● **WHAT YOU HAVE TO DO**
The answer is to be the lines below that lie between the line holding "Casual contemporary styling" and the line holding "A RECTANGULAR BRASS", inclusive, transcribed exactly and free of pictures.

[[ DATASET EXTRACT open ]]

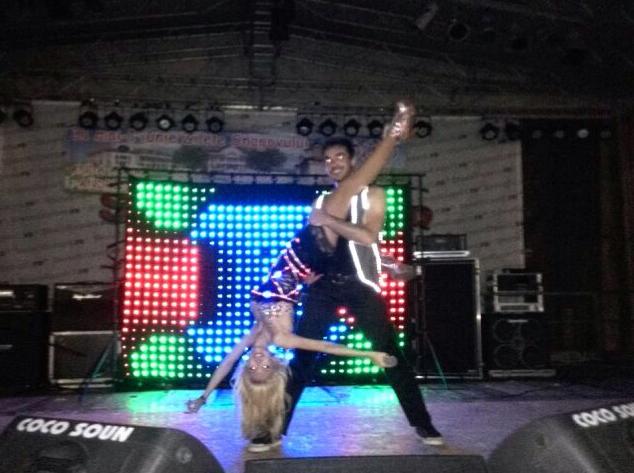 Extenuată după o zi plină de concerte, Andreea Bălan s-a "odihnit" câteva clipe cu capul în jos, în braţele coregrafului Petrişor Ruge.
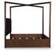 Casual contemporary styling with a decidedly modern vibe. Bathed in a rich dark brown finish, this king canopy bed is warm and inviting, while the integrated “X” canopy and full wrap-around rails set to the floor adorn your restful retreat with on-trend elegance. Dual USB charging on both sides of the upholstered headboard is a subtly cool way to keep your electronics at the ready. What a simply stunning way to achieve the bedroom of your dreams.
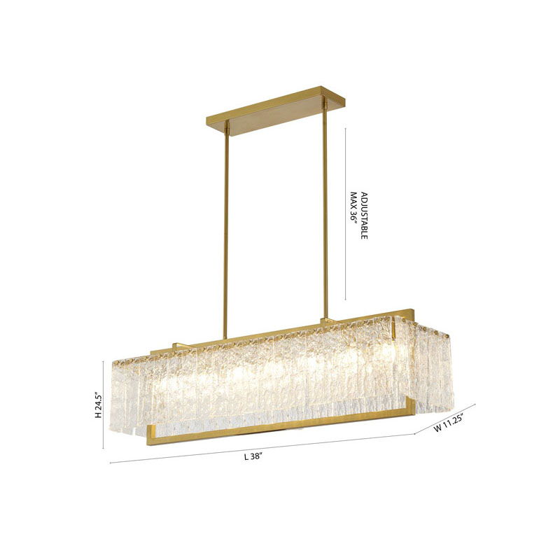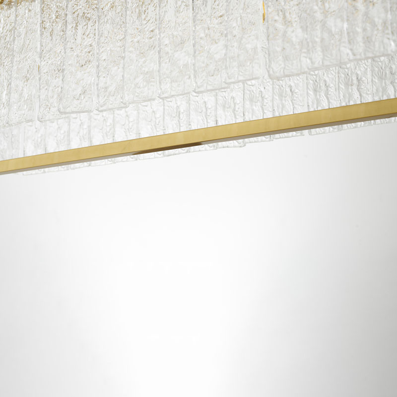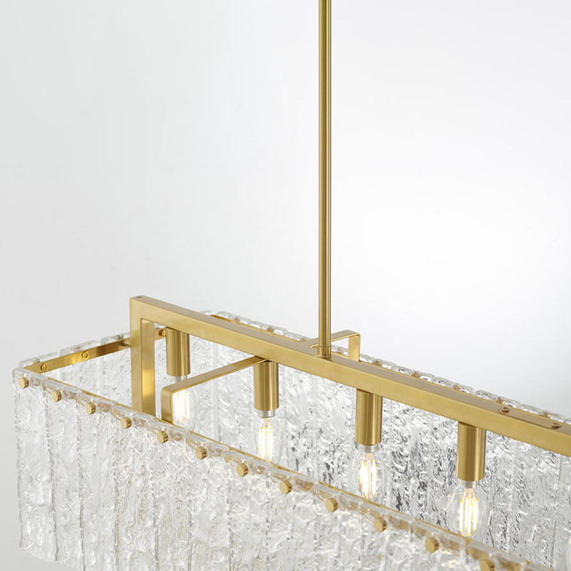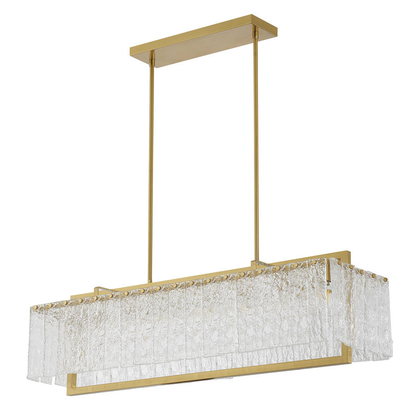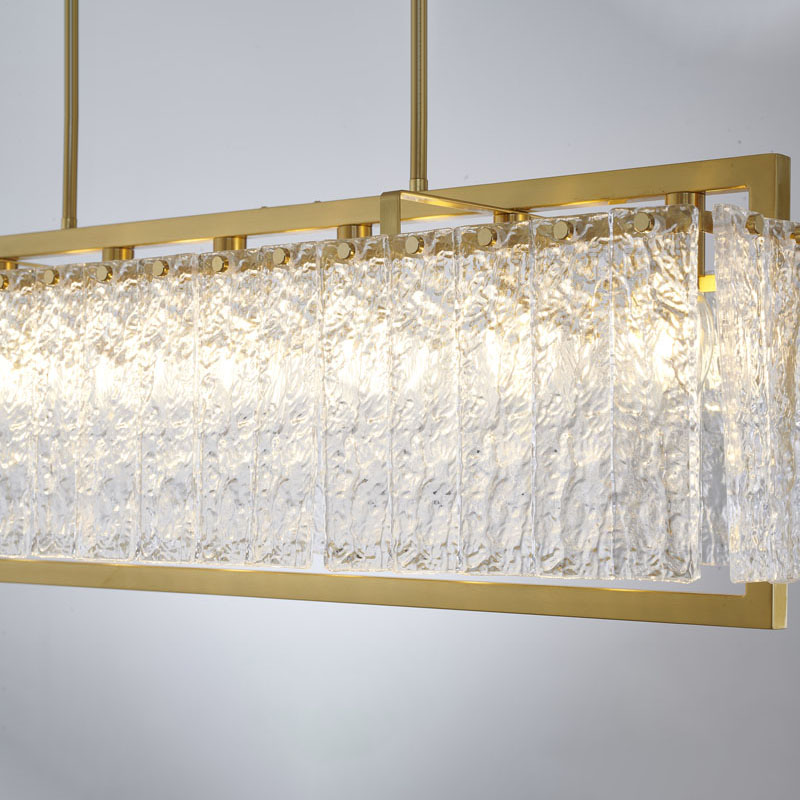 A RECTANGULAR BRASS FRAME CHANDELIER WITH HANGING CLEAR RIPPLED GLASS
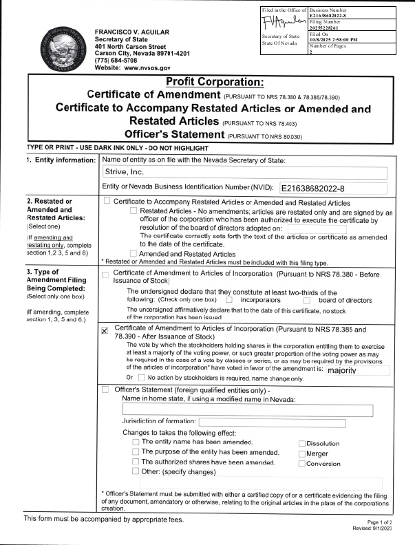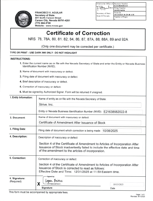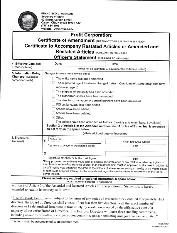 FRANCISCO V. AGUILAR Secretary of State 401 North Carson Street Carson City, Nevada 89701 - 4201 (775) 684 - 5708 Website: www.nvsos.gov Profit Corporation: Certificate of Amendment (PURSUANT TO NRS 78.380 & 78.385/78.390) Certificate to Accompany Restated Articles or Amended and Restated Articles (PURSUANT TO NRS 78.403) Officer's Statement (PURSUANT TO NRS 80.030) 4. Effective Date and Time: (Optional) Time: Date: (must not be later than 90 days after the certificate is filed) Changes to takes the following effect: E The entity name has been amended. E The registered agent has been changed. (attach Certificate of Acceptance from new registered agent) □ The purpose of the entity has been amended. □ The authorized shares have been amended. E The directors, managers or general partners have been amended. E IRS tax language has been added. E Articles have been added. E Articles have been deleted. X Other. The articles have been amended as follows: (provide article numbers, if available) 5. Information Being Changed: (Domestic corporations only) Section 2 of Article 5 of the Amended and Restated Articles of Strive, Inc. is amended as set forth in the space below. (attach additional page(s) if necessary) . ---- .. 6. Signature: (Required) Chief Executive Officer ittAKIA , (XL Signature of Officer or Authorized Signer Title X Signature of Officer or Authorized Signer Title *If any proposed amendment would alter or change any preference or any relative or other right given to any class or series of outstanding shares, then the amendment must be approved by the vote, in addition to the affirmative vote otherwise required, of the holders of shares representing a majority of the voting power of each class or series affected by the amendment regardless to limitations or restrictions on the voting power thereof. Please include any required or optional information in space below: (attach additional page(s) if necessary) Section 2 of Article 5 of the Amended and Restated Articles of Incorporation of Strive, Inc. is hereby amended to read in its entirety as follows: "Size of Board; Committees. Subject to the terms of any series of Preferred Stock entitled to separately elect directors, the Board of Directors shall consist of not less than five directors, with the exact number of directors to be determined from time to time solely by resolution adopted by the affirmative vote of a majority of the entire Board of Directors. The Board of Directors will have three standing committees, including an audit committee, a compensation committee and a nominating and governance committee." This form must be accompanied by appropriate fees. Page 2 of 2 Revised: 9/1/2023
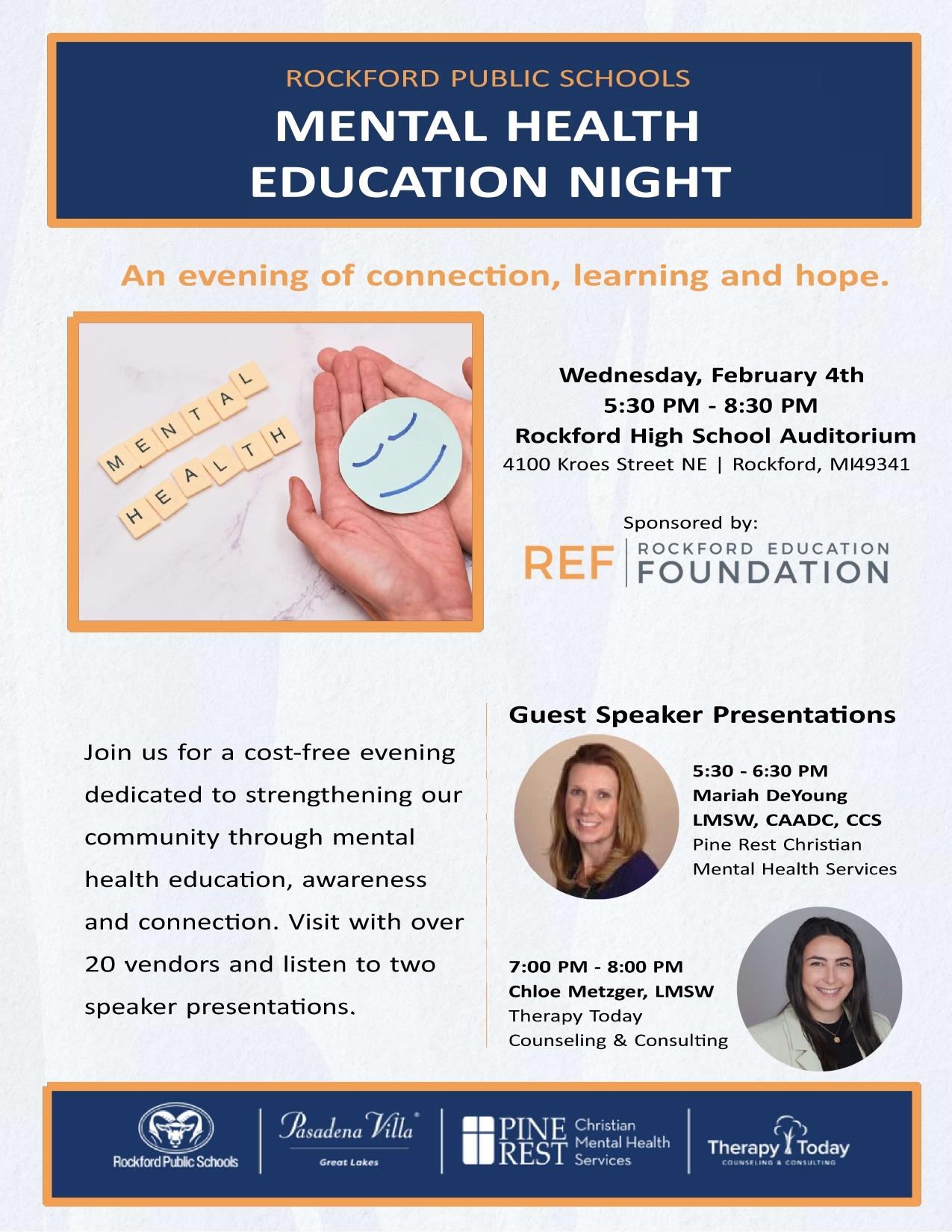 Join us for a cost-free evening dedicated to strengthening our community through mental health education, awareness, and connection. Visit with over 20 vendors and listen to two speaker presentations. Guest speakers are Mariah DeYoung, LMSW, CAADC, CCS and Chloe Metzger, LMSW. Wednesday, February 4th - 5:30 - 8:30pm at the Rockford High School Auditorium - 4100 Kroes Street, NE, Rockford, MI 49341

[[ DATASET EXTRACT closed ]]

● **OUTPUT FOR THIS TASK**
 Casual contemporary styling with a decidedly modern vibe. Bathed in a rich dark brown finish, this king canopy bed is warm and inviting, while the integrated “X” canopy and full wrap-around rails set to the floor adorn your restful retreat with on-trend elegance. Dual USB charging on both sides of the upholstered headboard is a subtly cool way to keep your electronics at the ready. What a simply stunning way to achieve the bedroom of your dreams.
 A RECTANGULAR BRASS FRAME CHANDELIER WITH HANGING CLEAR RIPPLED GLASS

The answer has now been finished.